Вернувшись в зал, он нашел Трисмегистов зонт с краю первого ряда; выходило, что вольнокомандующий будет больше видеть Никитину спину, но так было лучше. Он растянулся на спине на полу рядом с пианино, прислушиваясь к зданию; гипсовый потолок наливался обморочным молоком, придвигаясь к нему и опять отходя, и в отключенной люстре по центру, висящей, как рыбная сеть, прозвякивало оживание. Все дышало само по себе, и только музыке был нужен тот, кто поднимет ее от вязкого сна; это было ее непреложное свойство, усвоенное им годы назад, но все так же его тяготившее: музыка не бралась сама собой ни из инструмента, ни из самого воздуха, сколько бы звука ни слышалось в нем, ее всегда было нужно откачивать, как из болота, и от этой работы он все чаще и чаще ощущал свое тело насосной трубой, погруженной в лукавящую пустоту. Прошло еще время, прежде чем Никита различил под лопатками мелочный вздрог, означавший прибытие первых гостей; это было похоже на насекомый бег под нижней майкой, и он поскорей вскочил на ноги. За сценой он, давясь от пылищи, перебрал наугад старые короба и наткнулся на римский шлем с восхитительным гребнем: грузный и гулкий, как целое озеро, он внушал ему прочное чувство. Никита поднял шлем над собой, собрал пыль одной ладонью и решил, что сегодня выйдет в нем.

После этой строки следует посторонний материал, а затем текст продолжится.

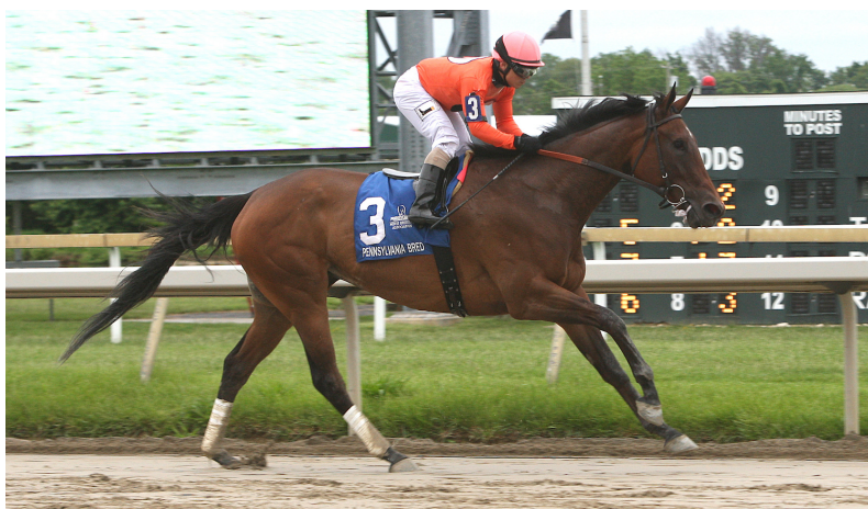
GREAT SOUL rolls home an easy allowance winner.

GREAT SOUL would come back the following year, stretching out to 1-1/16 miles where she earned her second stakes victory in the Mrs. Penny Stakes while registering multiple stakes placings in between the two victories.
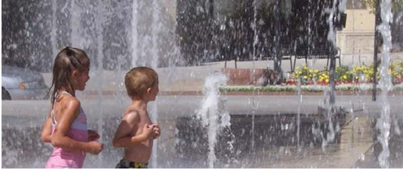
Recreational use of a water feature.
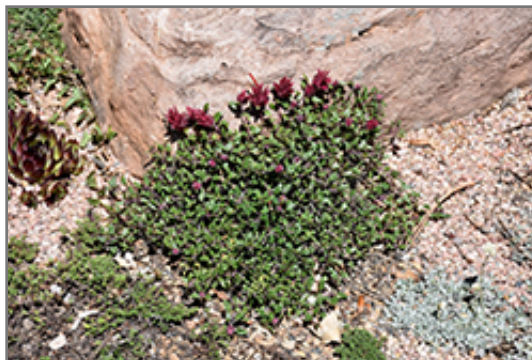
Marian Sampson Scarlet Monardella in bloom

Marian Sampson Scarlet Monardella will grow to be only 3 inches tall at maturity extending to 5 inches tall with the flowers, with a spread of 12 inches. When grown in masses or used as a bedding plant, individual plants should be spaced approximately 8 inches apart. Its foliage tends to remain low and dense right to the ground. It grows at a medium rate, and under ideal conditions can be expected to live for approximately 3 years. As an evergreen perennial, this plant will typically keep its form and foliage year-round.
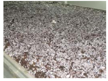
Growth stage of pin-heads
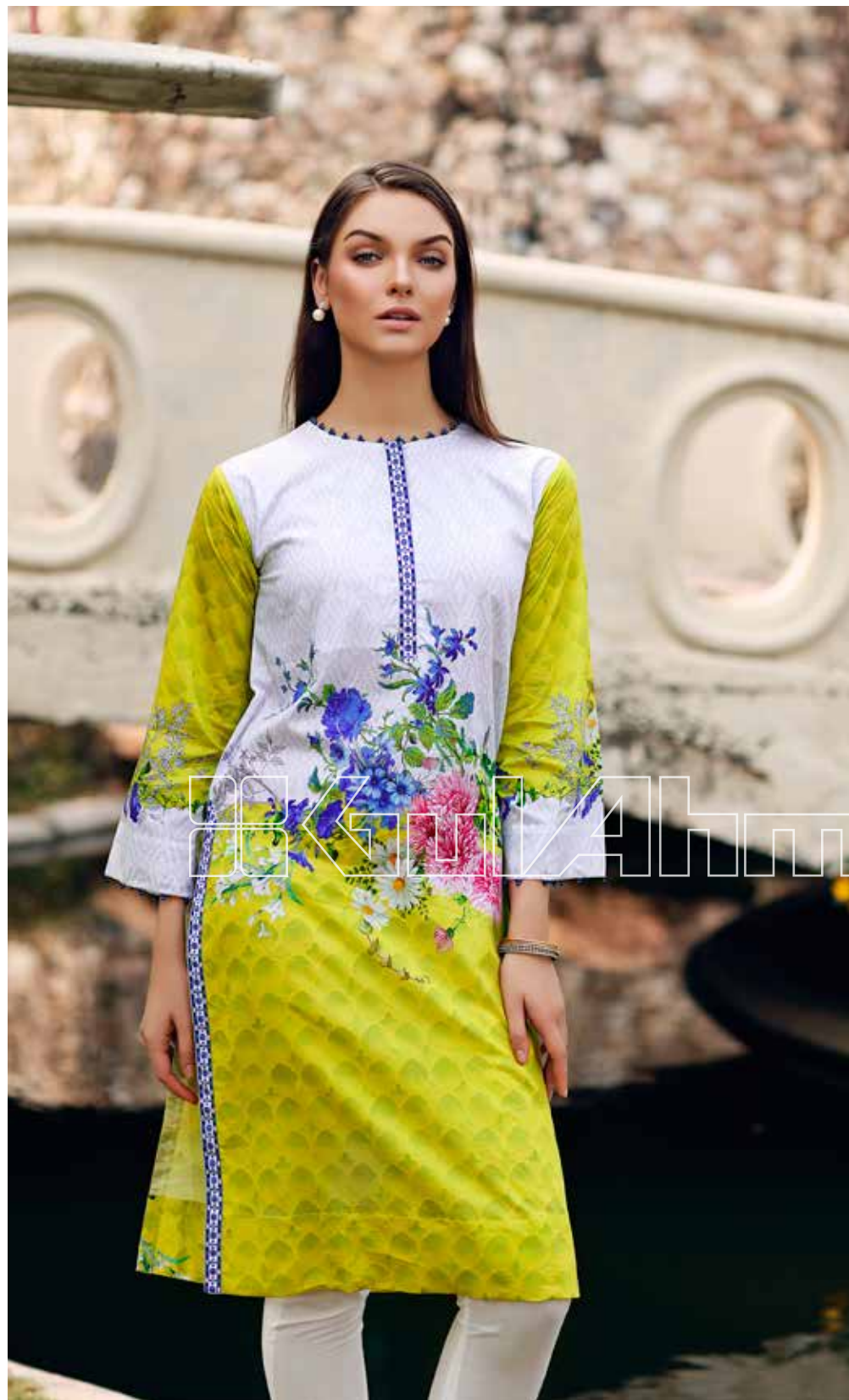
SL621 - DIGITAL PRINTED SHIRT
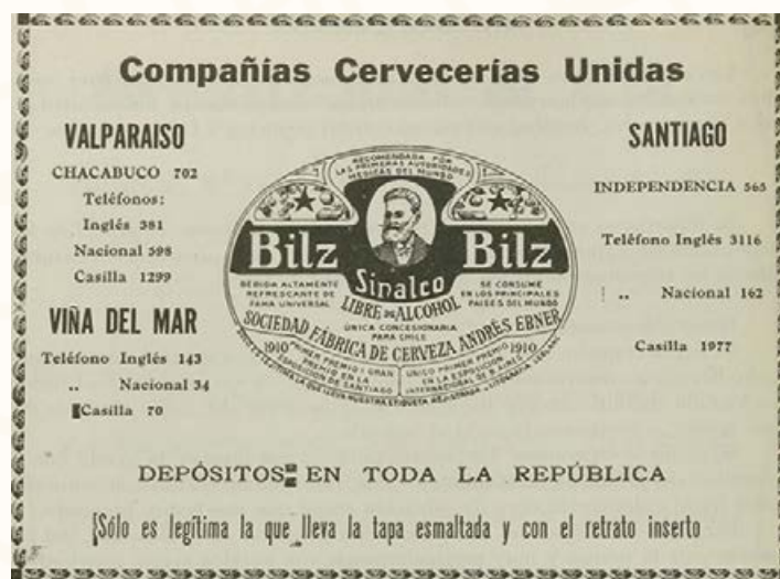
Recorte publicitario. Patronato Nacional de la Infancia, Almanaque del Patronato Nacional de la Infancia , 1921.
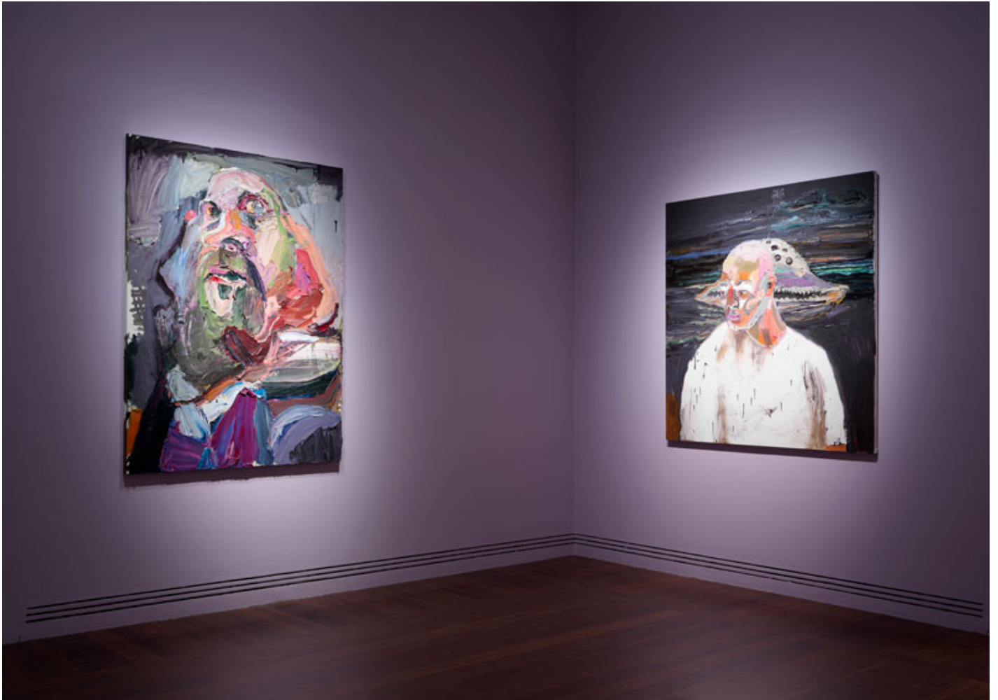
Installation view of Ben Quilty's Quilty (March 2 - June 2, 2019) Art Gallery of South Australia, Adelaide, AU

LOS ANGELES | BRUSSELS | NEW YORK | MARFA
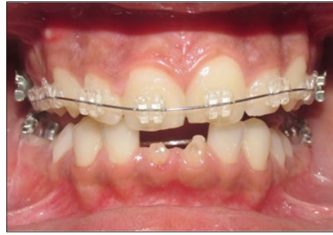
Figure 4b : With Bite Block.
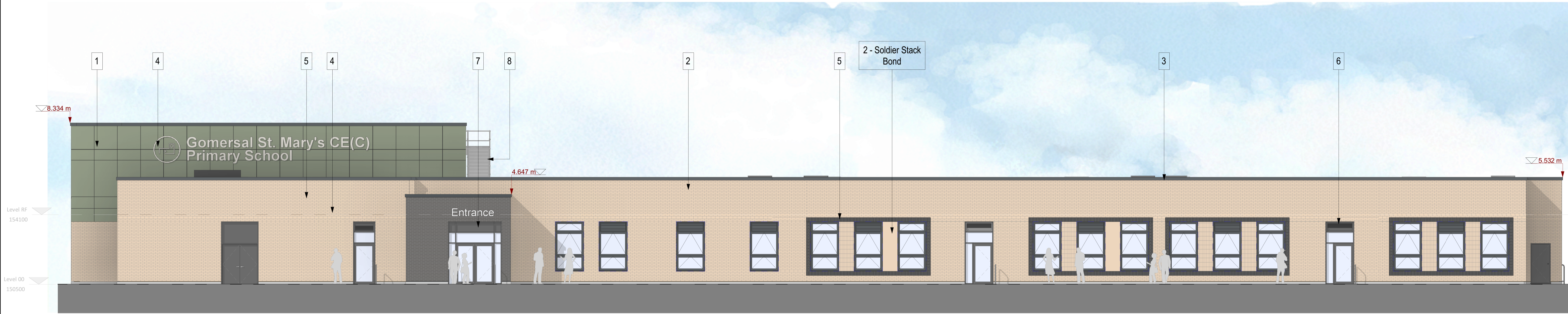
West Elevation (Front) 1:100
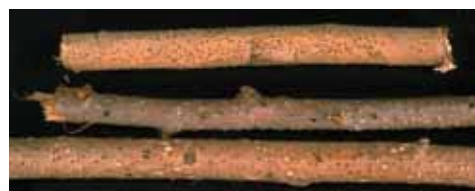
Figure 2: Cytospora canker on three branches, each with scattered pycnidia.
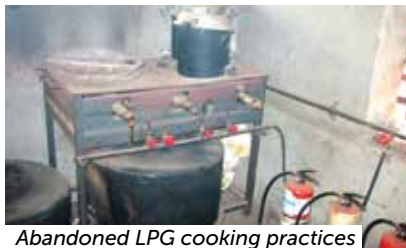
Abandoned LPG cooking practices
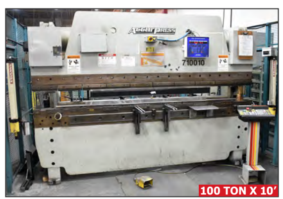
ACCURPRESS 710010 hydraulic press brake

CONTACT 416.962.9600 TO CONSIGN EQUIPMENT AT AN UPCOMING AUCTION
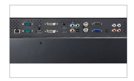
Multiple video inputs (VGA, DVI, HDMI, BNC, S-Video, DisplayPort and Component) allow for effortless system integration
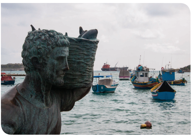
► Fisherman statue with "luzzu" fishing boats in the background

Follow the path until you reach the end and turn right and walk away from the coast until you see stone fences and a sign with the number 8 on it where you turn left. You will then find yourself immersed in beautiful greenery, surrounded by wild flowers and pine trees. Head downhill on the winding path then take the sharp left at the bottom where you will be able to see the Delimara power station - a sight hard to miss from its contrasting surroundings! Continue straight and when you see a street with a house on the left, just before the power station chimney, turn left for the longer but more scenic path embellished with vibrant flora, otherwise just follow the path and the signs straight ahead. You will shortly see the large cove II-Hofra ż-Żgħira on your left, which makes for a beautiful panoramic shot! Continue along and turn right to the natural path along the cliff and you will soon see St Peter's Pool below. Venture down the rocky track and

Четверть часа спустя Сван явился сообщить, что прибывающие скорее осторожны, чем веселы, говорят больше по двое и не стоят за шампанским; глава занимает парадное кресло внизу и не может самостоятельно встать, о чем никто вокруг будто бы не догадывается. Трисмегист привел с собой двух допризывников, уже размазавших свою тушь по щекам и портьерам; выгоднее остальных выглядят, как всегда, Несс и Центавр, оба в академических куртках с оливковой вышивкой, на высоких подошвах; один Ланн наблюдает за другими с нескрываемой тоской, как будто все это происходит с ним уже в тысячный раз. Сочувствующие мятутся в парке, отгороженные двойным периметром; редкие выкрики, предназначенные, по всему, в адрес снабженцев, заглушает трещотка. Никита не стал спрашивать о Глостере и пригласил Свана помочь ему переодеться; платье без рукавов, выбранное давно, не совсем совпадало с его сегодняшней находкой, но он не собирался отказываться ни от первого, ни от второго. Они заперлись в гримерной, в духоте, умножаемой полукругом зеркал; Никита встал в середине, отвернувшись к двери, и начал расстегиваться, выставив тонкие локти. Пуговицы рубашки царапались, пальцы скользили: эти последние дни с их невысказанностями разболтали его, растрепали, как куколку; платье же должно было стянуть все заново, и он поспешил снять оставшееся, но, когда остался в одних гольфах, захотел побыть так, сам не зная зачем. Сван, принявший вещи, не выпускал их из рук. Никита на мысках прошелся к двери и толкнул ее; там шагнул в коридор и вернулся один в засценок. Шлем уселся на нем без труда, придавил затылок, и тело его колыхнулось от нового веса; не прикрытый больше ничем, он ощущал больше защиты, чем если бы Глостер и Почерков стояли по две стороны от него. Низкий звук наполняющегося зала растекался по полу; Никита чуть опустил голову, чтобы увидеть себя: ровная грудь с оспинами сосков выступала над впалым животом со вспышкой черных волос внизу; в ногах же была такая точная прямота, что это скорее кололо глаза. Когда он возвратился в гримерную, Сван уже приготовил ему влажное полотенце; Никита поднял руки, и распорядитель плотней обернул его, громко дыша. Полотенце оказалось горячим, как зимой, но ему было спокойно и почти все равно. По кивку его Сван распеленал и отер Никиту; приготовленное платье было так свободно, что он не почувствовал его на себе. Будьте прекрасны, исполнитель, прошептал Сван, прежде чем отпустить его вновь; республика заслужила это. Никита вышел из комнаты не отзываясь.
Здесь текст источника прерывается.